But, the police were not satisfied with procedural compliance alone; they demanded full details of the girl, her parents and the documents about their hospital visits. That is when the doctor sought the high court’s intervention. The Bombay high court finally stated in no uncertain terms that such insistence amounted to harassment and warning that doctors cannot be treated as “soft targets” for procedural overreach.

This single event captures the contradiction at the heart of abortion access for adolescents in India. While the Medical Termination of Pregnancy (MTP) Act guarantees abortion as a right under certain conditions, POCSO’s mandatory reporting framework has turned healthcare settings into surveillance sites. In practice, young adolescent girls are expected to exercise their right to terminate a pregnancy while simultaneously surrendering their right to privacy and in-effect their safety.

The consequences are predictable and well-documented. A growing body of research shows that legal contradictions and institutional confusion disproportionately harm girls under 18 who attempt to access abortion. They are frequently denied care, delayed through extrajudicial demands, or subjected to institutional violence, including forced disclosure, medical board scrutiny, and police investigation.

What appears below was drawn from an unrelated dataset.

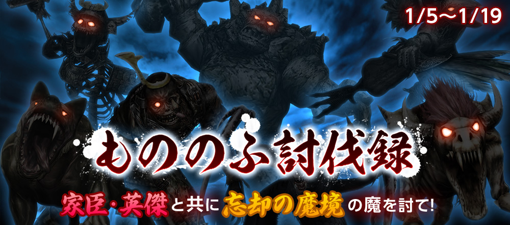 『信長の野望 Online』の歴戦の敵にチャレンジする討伐イベントを開催します。ダンジョン「忘却の魔境」の敵を討伐し、入手した札と宝箱を交換して豪華報酬品を手に入れましょう!

MTP vs. POCSO: The structural clash

On one hand, the MTP Act allows a pregnant person to seek an abortion with informed consent, even if they are underage, provided that a guardian consents on their behalf. The Act also offers strong protections for confidentiality. On the other hand, POCSO, enacted a decade later, imposes a blanket obligation on all healthcare providers to report any case where a minor is pregnant, regardless of whether the pregnancy is the result of assault or consensual sex between adolescents.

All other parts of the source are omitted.